Under Trump, however, the economy’s gains are being spread more evenly throughout the nation and across the workforce.
For example, President Barack Obama’s top economic advisor, Jason Furman, posted a chart showing that lower-income workers are seeing the greatest gains:
Neither of the two articles in the Washington Post or the New York Times recognized any role for Trump’s low-immigration/high-wages policy, even though it has modestly reduced the inflow of cheap-labor migrants and penalized companies who hire illegal immigrants.
Trump has also pressured U.S. companies to reduce outsourcing of middle-class jobs via the H-1B and other visa-worker programs which have helped keep salaries flat for many college-graduates for at least two decades.
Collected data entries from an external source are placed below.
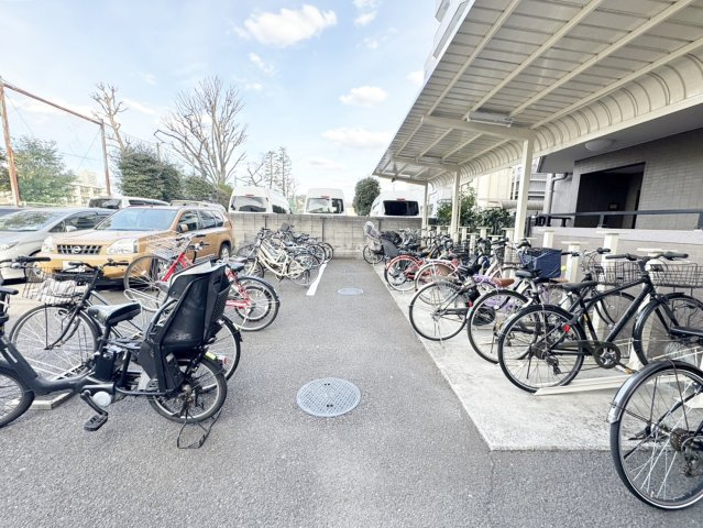 広々とした駐輪場と平面駐車場。 駐車場の空き状況はお問合せください。
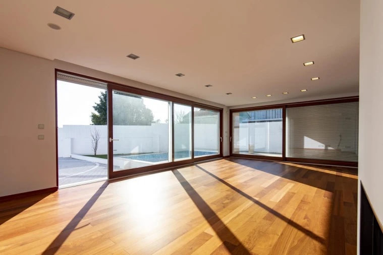 A zona social é composta por uma sala ampla e luminosa, com vista para a piscina e acesso direto ao exterior, criando uma perfeita ligação entre os espaços interiores e exteriores, ideal para momentos de lazer e convívio.
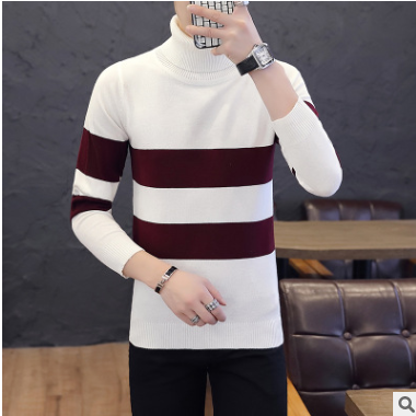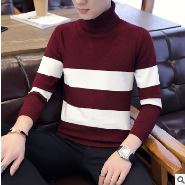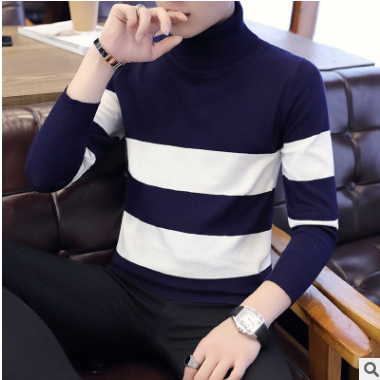 秋冬季高領毛衣男士線衫韓版修身條紋打底針織衫潮流男裝衣服代理
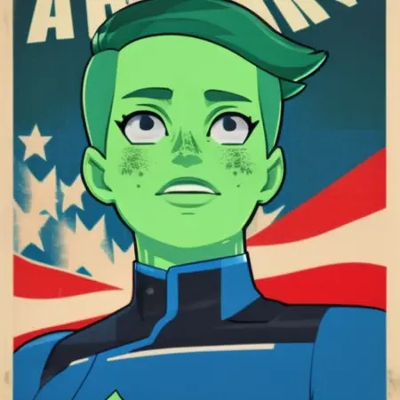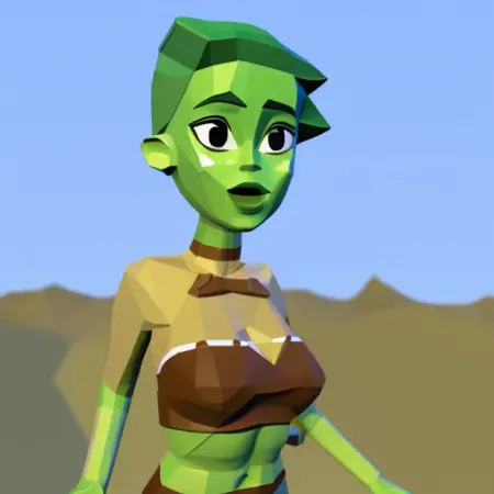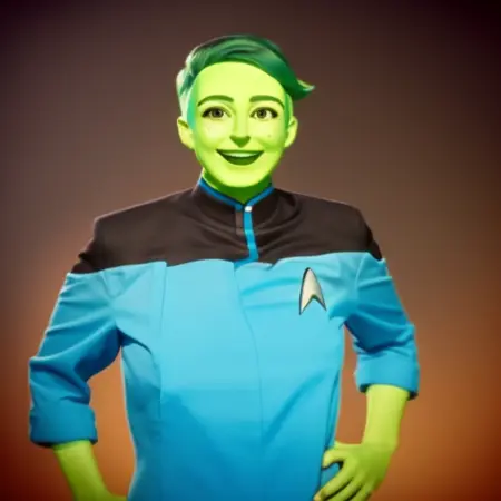 プロンプトに「緑の肌」を含めることを確認してください。そうでなければ白人の女性ができてしまいます。なぜか時々メガネを付けたがるため、「メガネ」をネガティブプロンプトに追加すると消えます。

But Trump’s rising pressure for popular pay-raises before the 2018 election is prompting business groups to step up their lobbying for quick access to more foreign workers.
Business-first GOP Rep. Kevin Yoder added four cheap-labor programs to the 2019 spending plan for the Department of Homeland Security, in the hope that Trump will approve those cheap-labor programs in exchange for extra spending on the border wall.
The Kansas representative’s four-part cheap-labor plan was endorsed by nearly all GOP members on the House appropriations committee in July and likely was backed by GOP leaders.
The middle-class “country caps” outsourcing bill was endorsed by Amazon, IBM and the billionaire founders of FWD.us, partly because it helps many investors continue replacing American graduates with cheap foreign graduates. Yoder says his bill would end discrimination, but it is backed by many business lobbyists and critics say it will boost discrimination against Americans.
Those cheap-labor programs must be stripped from Yoder bill before the election, said RJ Hauman, policy director at the Federation for American Immigration Reform. “We fear the president will sign something [after the election] that does contain that border wall funding despite the other things in it that fly in the face of his agenda,” he said.
Overall, the Washington-imposed economic policy of economic growth via immigration shifts wealth from young people towards older people by flooding the market with cheap foreign labor.
Four million young Americans will join the workforce this year, but the federal government will also import 1.1 million legal immigrants, and allow an army of at least 2 million visa-workers to work U.S. jobs.
That process spikes profits and Wall Street values by cutting salaries for manual and skilled labor offered by blue-collar and white-collar employees. The policy also drives up real estate prices, widens wealth-gaps, reduces high-tech investment, increases state and local tax burdens, hurts kids’ schools and college education, pushes Americans away from high-tech careers, and sidelines at least 5 million marginalized Americans and their families, including many who are now struggling with opioid addictions. Immigration also pulls investment and wealth away from heartland states because investment flows towards the large immigrant populations living in the coastal states.